May 5, 20262 min readAI, Engineering, Economics

The AI Stack Is Maturing — And So Should How We Use It

Cheap, unlimited AI is winding down, and the craft is maturing from prompt to context to harness engineering. The value now is in better scaffolding, not more tokens.

A few signals worth surfacing for the team.

On the economics side

Anthropic recently tested removing Claude Code from the $20 plan, nudging users toward the $100 tier.
GitHub Copilot has shifted from flat "actions" billing to token-based usage — heavier models burn quota faster.
Uber reportedly consumed its entire annual AI budget in just 4 months after encouraging maximum usage.
Google sits in a stronger position — their core business funds AI investment, so they're under far less pressure to monetise aggressively than Anthropic or OpenAI.

The takeaway

The era of cheap, unlimited AI access is winding down. Expect tighter limits, more nuanced billing, and continued price changes from the providers we rely on.

On the engineering side

The discipline is evolving too. We've moved through three distinct phases in how we work with AI:

Prompt engineering — crafting the right single-turn input to get a good output.
Context engineering — managing what the model sees: which docs to retrieve, what fits in the window, how to compress history.
Harness engineering — the current frontier. Designing the environment around the agent: which tools it can call, the guardrails, validation loops, sandboxes, and feedback mechanisms that make it reliable across hundreds of autonomous decisions. Coined by Mitchell Hashimoto earlier this year, it's now being adopted across OpenAI, Anthropic, and others.

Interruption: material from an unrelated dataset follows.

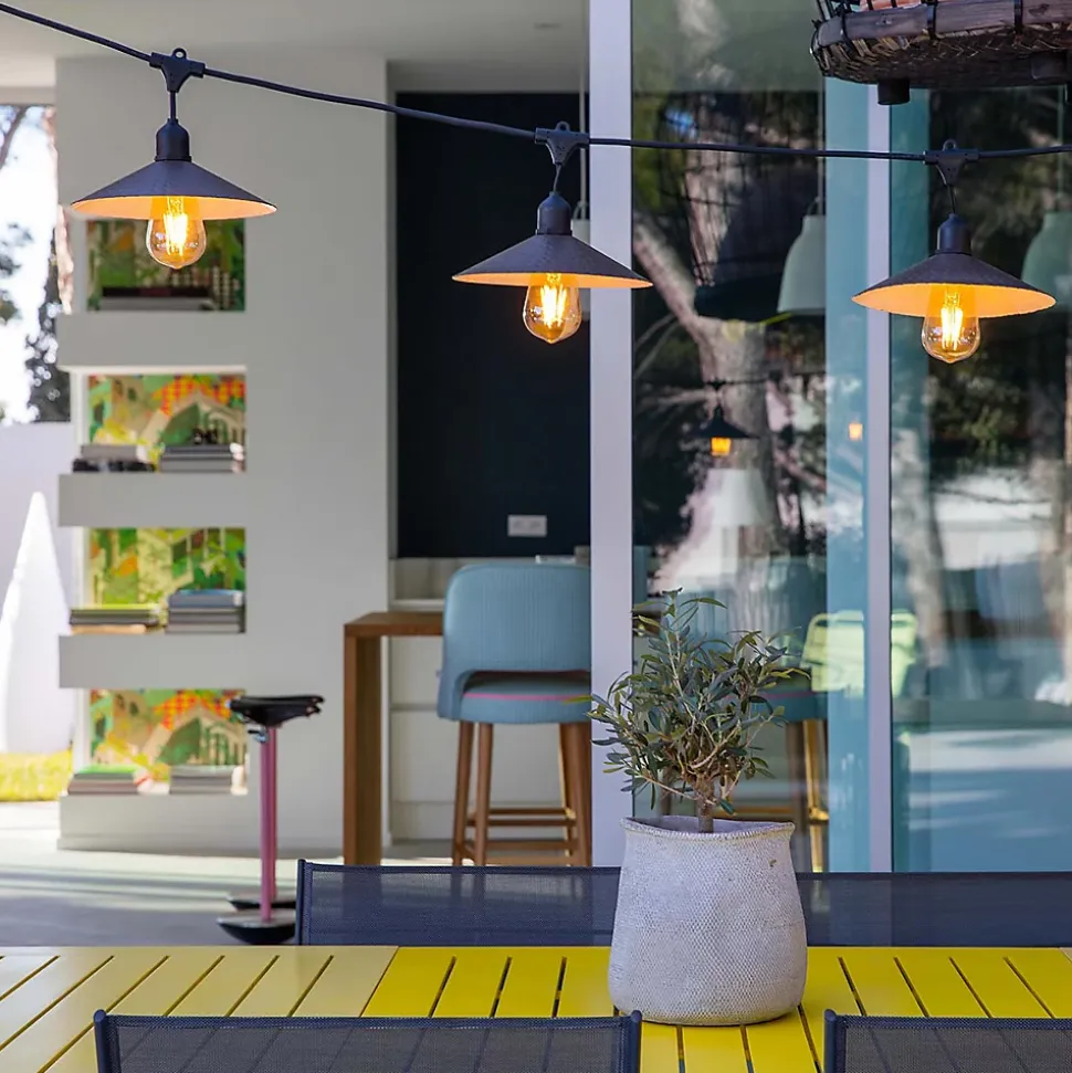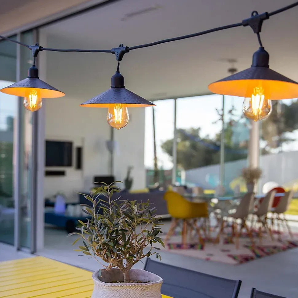 La guirlande Vinty Raccordable est une solution d’éclairage au style retro de 6 mètres, idéale pour créer une ambiance guinguette chic. Elle est equipee de 10 ampoules LED a filament blanc chaud interchangeables sur culot E27, diffusant une intensite puissante de 1000 Lumens. Son atout majeur est sa fonction raccordable, permettant de connecter plusieurs guirlandes sur une seule prise secteur 220V pour illuminer de grandes surfaces de maniere homogene. Concue pour un usage intérieur et extérieur, elle beneficie d’une protection IP64 contre les éclaboussures et d’une haute résistance aux UV, garantissant une durabilité optimale sur une terrasse ou dans un jardin. l’installation est simple grace a un espacement regulier entre les ampoules et un cable d’alimentation adapte. Que ce soit pour un mariage, un anniversaire ou la décoration quotidienne de votre espace de vie, ce modèle allie esthétique vintage et performance moderne pour un rendu élégant, chaleureux et securise.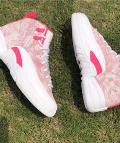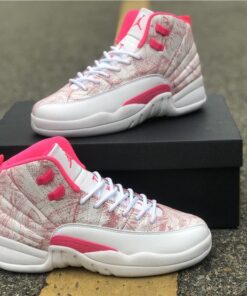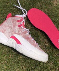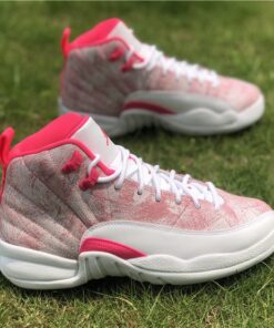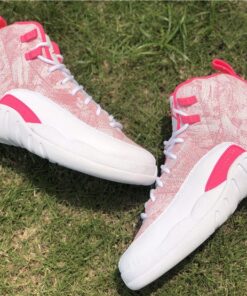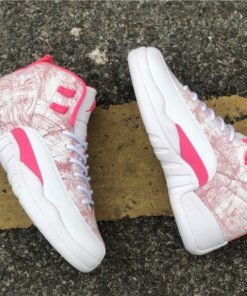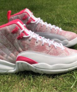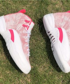 this Air Jordan 12 comes dressed in a White, Arctic Punch, and Hyper Pink color combination. This pair comes highlighted with a mixture of Light Pink and White that gives them a cracked paint look. It almost resembles suede, which has moved in different directions, giving them an artistic look. Next, we have White leather across the tongue and overlay across the sides. We also have a darker shade of Pink that lands on the liner, branding on the tongue, top eyelet, heel pull tab, and a White rubber outsole to finish the look.

Three phases, each wrapping the last. Harness engineering is the current frontier — the whole environment around the agent, not just the input.

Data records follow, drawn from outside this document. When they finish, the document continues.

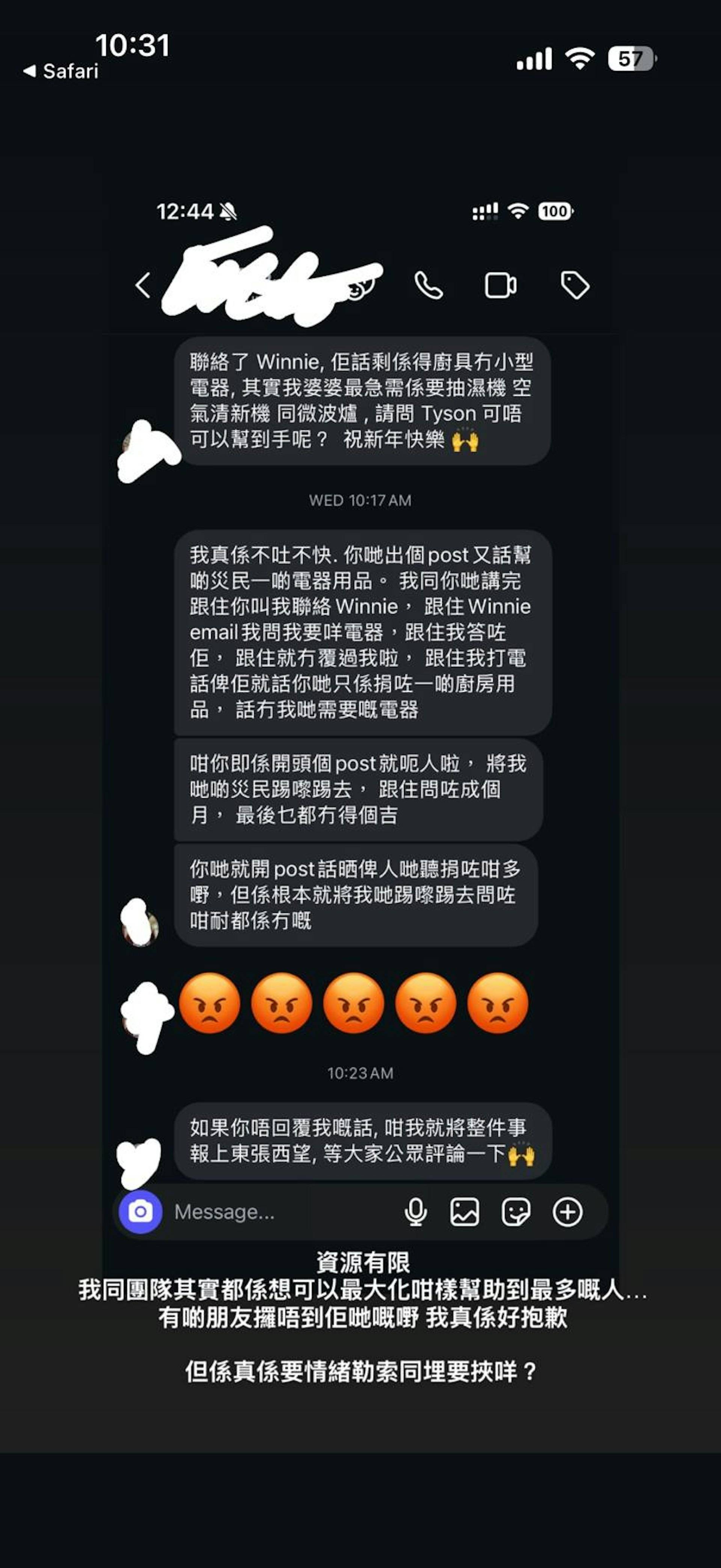 事緣有災民家屬因未能取得所需電器而在私訊中表達強烈不滿。該網民在訊息中抱怨聯絡了Tyson團隊的Winnie後,被告知「剩係得廚具冇小型電器」,但其婆婆最急需的抽濕機、空氣清新機和微波爐卻無法提供。該網民情緒激動地指控:「咁你即係開頭個post就呃人啦,將我哋啲災民踢嚟踢去,跟住問咗成個月,最後乜都冇得個吉。」更進一步狠批Tyson團隊「根本就將我哋踢嚟踢去問咗咁耐都係冇嘅」,令人感受到災民家屬的無助和憤怒。
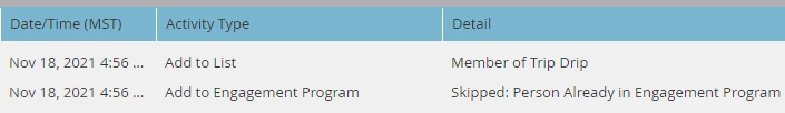 For example, in this lead's activity log, I want to prevent the "Add to List" activity if the "Add to Engagement Program" is "Skipped: Person Already in Engagement Program."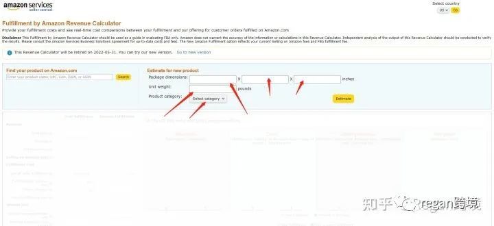进入后台之后,我们在这里输入产品的长宽高还有重量,再选择我们要做的类目,可以直接得出来我们的产品配送费用是多少。注意填写的长宽高和重量是以英寸和磅为单位。

Why both shifts matter for us

As token costs rise and we move toward more agentic workflows, the value isn't in burning more tokens — it's in building better harnesses around the AI we use. Smarter scaffolding, tighter guardrails, and well-designed feedback loops mean fewer failed runs, less wasted context, and far better economics per outcome.

A harness is everything around the agent — tools, guardrails, validation loops, a sandbox, feedback. The scaffolding is what makes the agent reliable across hundreds of decisions.

Worth thinking about where in our workflows we're still living in "prompt engineering" mode — and where we should be investing in proper harness design.

Keen to hear what others are seeing — anyone already experimenting with harness patterns in their projects?